Mountain in Colorado, United States

Alexander Mountain is a mountain in Larimer County, Colorado named for the pioneers John and Grant Alexander. It is within a mid-elevation ponderosa pine forest in the Canyon Lakes Ranger District of the Roosevelt National Forest with mountain mahogany, skunkbrush, and gambel oak forbs. North of US Highway 34 between Loveland and Estes Park, west of Green Ridge, and east of Cedar Creek, it is recognizable by its pyramidal shaped south face. Its habitat is mesic and dry-mesic and has cliff faces which are home to rattlesnakes. Now home to the Sylvan Dale Guest Ranch, its cultural significance is the final stand in a bear hunt in the memoirs of Gerry Spence. On July 29, 2024, an unknown ignition of a hot dry remote area on the north face of the Alexander Mountain caused the Alexander Mountain Fire, receiving national attention for a rapidly accelerating wildfire causing a wide evacuation area under volatile circumstances and risking losses to communication and energy infrastructure as well as ranching and tourism communities along the Big Thompson River near Drake, Colorado.
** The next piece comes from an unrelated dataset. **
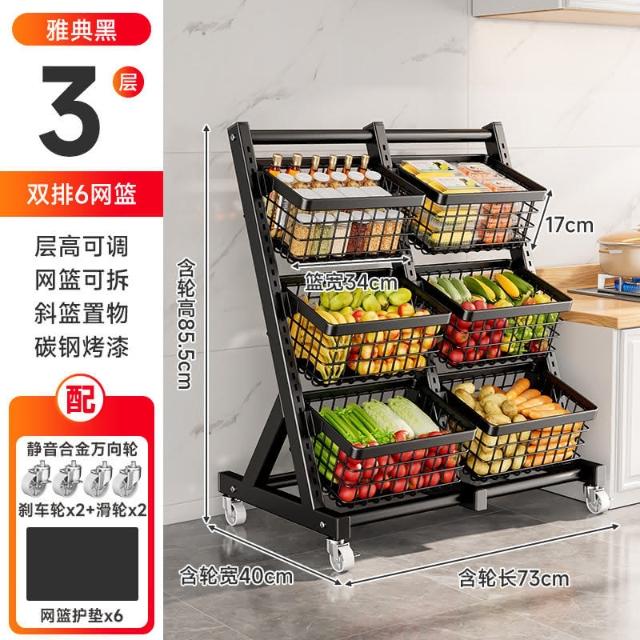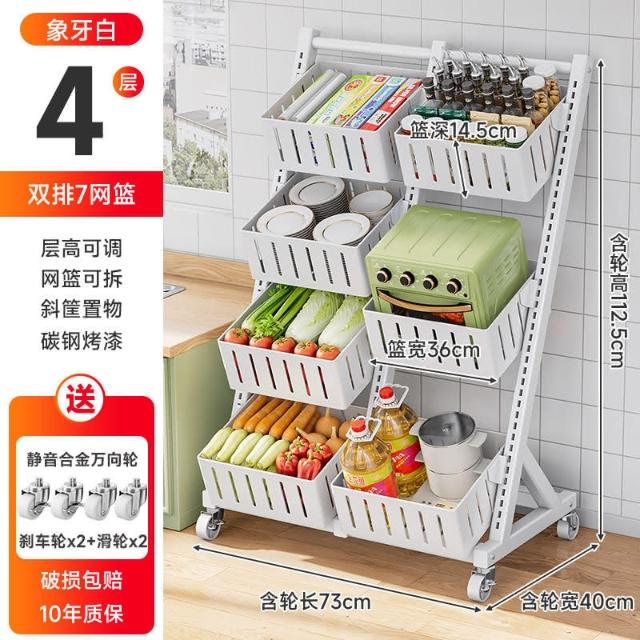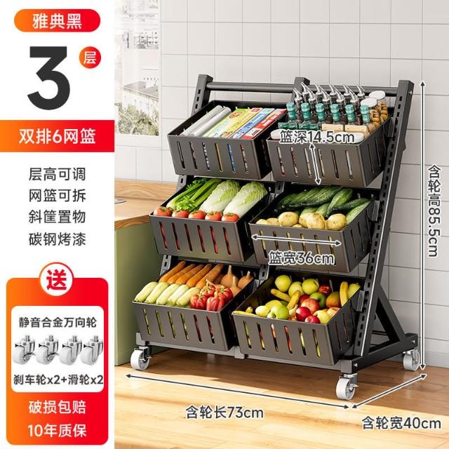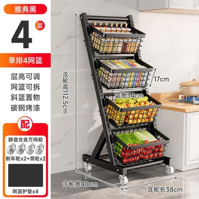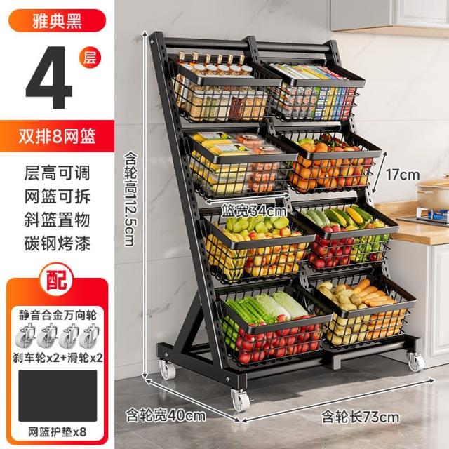 廚房置物架落地多層家用水果蔬菜放菜架子多功能菜籃子零食收納架 收納櫃 儲物櫃 多功能放水果零食架子

==2024 Alexander Mountain Fire==

During the 2024 Colorado wildfire season, on Monday, July 29, near the Sylvan Dale Guest Ranch, the Alexander Mountain Fire ignited before 11:00 am. By 12:20 pm, the burn area was 100 acres and spreading quickly, growing to 245 acres by 12:45 pm. Near the mouth of the Big Thompson Canyon, 37 square miles of Larimer County were evacuated, from County Road 18E from Pole Hill to Pinewood Reservoir and Drake to The Dam Store along U.S. Highway 34, including Storm Mountain and Palisade Mountain. 90 horses were evacuated from the Sylvan Dale Guest Ranch to The Ranch in Loveland, which was preparing for the Larimer County Fair. They joined other animal evacuees. Employees of the Colorado Cherry Company were also evacuated. By 2:50 pm, the blaze was over 300 acres.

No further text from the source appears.